Since all of the heated or cooled air that controls indoor temperatures has to travel through the HVAC system’s ductwork, there’s an increased chance of costly air loss in this air distribution network. Ductwork should be checked, repaired and upgraded during every professional maintenance inspection.
Your HVAC professional should:
- Check to make sure the interior of ductwork is clean and free of dirt or other debris that could be blown out into your living spaces.
- Ensure all sections of ductwork fit tightly together and that there are no loose, missing or damaged sections.
- Apply mechanical fasteners such as screws to ductwork connections if necessary.
- Make sure all ductwork connections are properly sealed to prevent air leaks. Duct sealing is usually done with mastic, a specialized rubbery sealant intended especially for use on ducts.
- Ensure ductwork is properly insulated to prevent energy loss through the ductwork material. Rigid fiber board insulation in commonly used on ductwork. Ducts can also be wrapped with standard blanket-style insulation.
Basement and Crawl Space
Basements and crawl spaces, including foundation walls, are often not insulated, which means they’re a prime location where energy loss can occur.
- Locate and seal holes, cracks, gaps and openings where air leaks can occur. These openings can typically be found around windows, at structural penetrations for pipes or wiring, between rim joists, under the sill plate, and around crawl space doors.
- Add or increase the amount of insulation in between wall beams and joists, in larger holes, and in gaps between foundation and house frame.
Healthy Home Benefits
After investing in these HVAC technology upgrades and home efficiency improvements, what kinds of benefits can you expect to experience in your home?
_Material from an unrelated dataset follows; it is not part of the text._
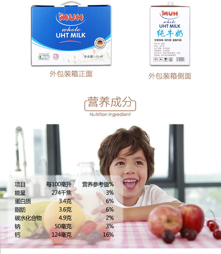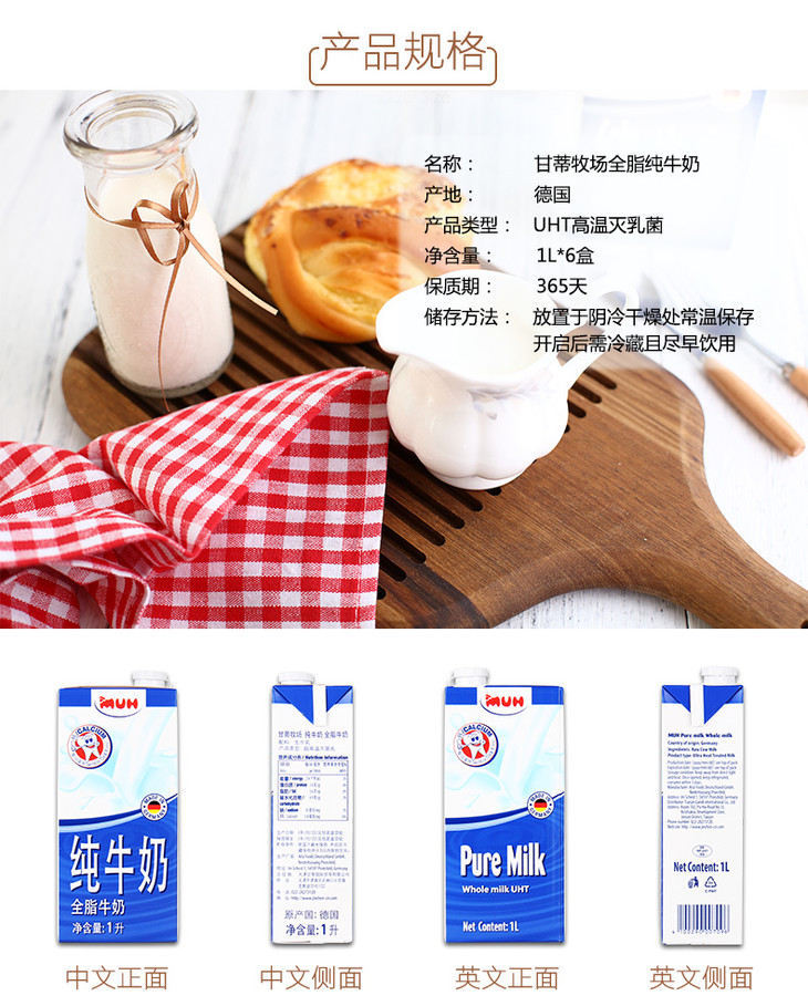 1L甘蒂牧场全脂牛奶 德国进口 纯正牛乳
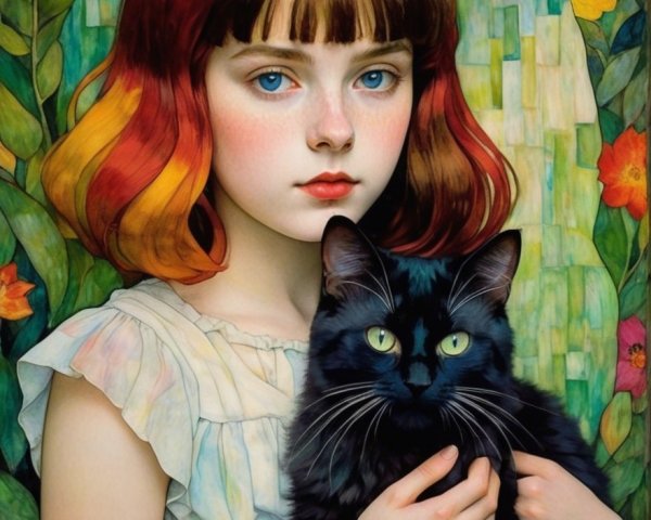 A young woman with curly, vibrant hair cradles colorful roses against a softly blended background. Her expressive eyes and delicate features convey a sense of grace and tranquility.

- Improved indoor air quality: When openings that cause air leaks are closed, it also decreases the chance that dust, pollen, mold and other particulates can get into your home through those same openings. This increases indoor air quality by preventing contamination and giving your HVAC system an improved chance of filtering your indoor air. There will be less chance for allergies, asthma or other respiratory conditions to be aggravated by airborne material.
- More consistent heating and cooling: Insulation and air sealing stop the loss of conditioned air that keeps your indoor spaces comfortable. With proper insulation and sealing, temperatures in your home will be more consistent and occupants will be more comfortable.
- Increased monthly savings: When conditioned air leaks from your home, you’re not only losing air that you’ve already paid to heat or cool, you also have to pay more to condition more air to make up for the loss. A properly insulated and sealed home presents fewer opportunities for air leaks, which means you’ll pay less to keep your home at the comfort level you prefer. You’ll also extend the life of your HVAC system by reducing stress on the equipment to make up for the air loss.